From: Michael Weissenbacher <mw@dermichi.com>
To: linux-xfs@vger.kernel.org
Subject: Re: xfsaild in D state seems to be blocking all other i/o sporadically
Date: Wed, 19 Apr 2017 14:40:08 +0200 [thread overview]
Message-ID: <ced08a44-d736-6250-c682-0f495a882bea@dermichi.com> (raw)
In-Reply-To: <20170419121202.2m3pi4ffojpnqyxc@eorzea.usersys.redhat.com>
On 19.04.2017 14:12, Carlos Maiolino wrote:
> Hi,
>
> On Wed, Apr 19, 2017 at 12:58:05PM +0200, Michael Weissenbacher wrote:
>> Hi List!
>> I have a storage server which primarily does around 15-20 parallel
>> rsync's, nothing special. Sometimes (3-4 times a day) i notice that all
>> I/O on the file system suddenly comes to a halt and the only process
>> that continues to do any I/O (according to iotop) is the process
>> xfsaild/md127. When this happens, xfsaild only does reads (according to
>> iotop) and consistently in D State (according to top).

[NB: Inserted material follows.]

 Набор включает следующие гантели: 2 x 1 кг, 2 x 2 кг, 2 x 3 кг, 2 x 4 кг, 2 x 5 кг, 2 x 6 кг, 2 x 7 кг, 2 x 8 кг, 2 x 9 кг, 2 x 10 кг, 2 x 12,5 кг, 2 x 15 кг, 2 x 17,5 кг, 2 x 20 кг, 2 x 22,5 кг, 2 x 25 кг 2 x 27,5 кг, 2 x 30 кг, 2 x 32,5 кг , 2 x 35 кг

>> Unfortunately this can sometimes stay like this for 5-15 minutes. During
>> this time even a simple "ls" our "touch" would block and be stuck in D
>> state. All other running processes accessing the fs are of course also
>> stuck in D state. It is a XFS V5 filesystem.

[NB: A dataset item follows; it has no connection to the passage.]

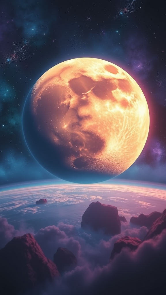 A colossal moon descending upon the earth, with nearby galaxies visible, bathed in vibrant and surreal hues, especially rich blues and purples, creating a cosmic and otherworldly ambiance. The scene unfolds in an abstract and dreamlike style, evoking a sense of awe and wonder.
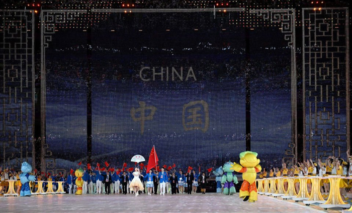 ↑中国代表团在入场仪式上。

>> Then again, as sudden as it began, everything goes back to normal and
>> I/O continues. The problem is accompanied with several "process blocked
>> for xxx seconds" in dmesg and also some dropped connections due to
>> network timeouts.
>>
>> I've tried several things to remedy the problem, including:
>> - changing I/O schedulers (tried noop, deadline and cfq). Deadline
>> seems to be best (the block goes away in less time compared with the
>> others).
>> - removing all mount options (defaults + usrquota, grpquota)

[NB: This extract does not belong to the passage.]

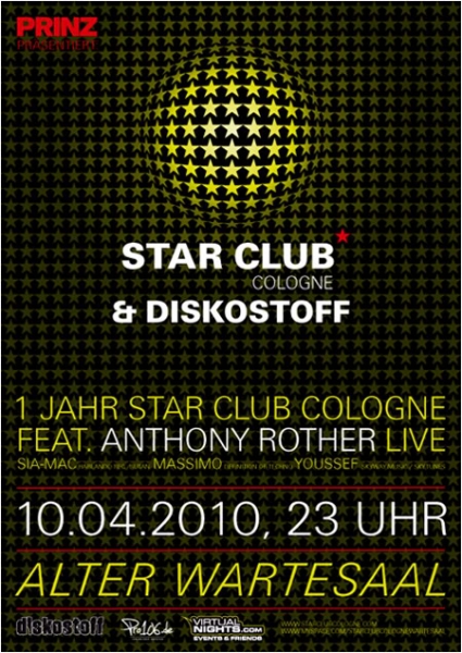 Wir freuen uns auf den 1. Geburtstag unserer einzigartigen Veranstaltungsreihe Starclub Cologne. Nach der letzten, überaus erfolgreichen Kooperation mit Diskostoff, ziehen wir nun stets an einem Strang und gehen gemeinsam an den Start. Für die Veranstaltungsreihe hat es die Konsequenz, dass härtere Töne den Saal beben lassen. Von den housigen Klängen gehen wir zu den technoiden über und rocken die alten Gemäuer. Elektronische Geburtstagsständchen spielen die DJs Anthony Rother, Sia-Mac,Massimo, YOUSSEF.

>> - upgrading to the latest 4.11.0-rc kernel (before that i was on 4.9.x)
>>
>> Nothing of the above seemed to have made a significant change to the
>> problem.
>>
>> xfs_info output of the fs in question:
>> meta-data=/dev/md127 isize=512 agcount=33,
>> agsize=268435440 blks
>> = sectsz=4096 attr=2, projid32bit=1
>> = crc=1 finobt=1 spinodes=0 rmapbt=0
>> = reflink=0
>> data = bsize=4096 blocks=8789917696, imaxpct=10
>> = sunit=16 swidth=96 blks
>> naming =version 2 bsize=4096 ascii-ci=0 ftype=1
>> log =internal bsize=4096 blocks=521728, version=2
>> = sectsz=4096 sunit=1 blks, lazy-count=1
>> realtime =none extsz=4096 blocks=0, rtextents=0
>>
>
> This is really not enough to give any idea of what might be happening, although
> this looks more like a slow storage while xfsaild is flushing the log, but we
> really need more information to try to give a better idea of what is going on,
> please look at:
>
> http://xfs.org/index.php/XFS_FAQ#Q:_What_information_should_I_include_when_reporting_a_problem.3F
>
> Specially for: storage layout (RAID arrays, LVMs, thin provisioning, etc), and
> the dmesg output with the traces from the hang tasks.
>
Ok, including all of the info above:
* Kernel Vesion: 4.11.0-rc5 (currently), but also reproducable on 4.9.20+
* xfsprogs version: 4.9.0
* number of cpus: 1 socket, 6 cores
* contents of /proc/meminfo, /proc/mounts, /proc/partitions: see below
* RAID layout: Hardware RAID-10 + linear MD device (sdb == md127); XFS
on top of md127
md127 : active linear sdb[0]
35159670784 blocks super 1.2 64k rounding
* LVM: no LVM
* type of disks 12x 6TB SAS disks (enterprise class)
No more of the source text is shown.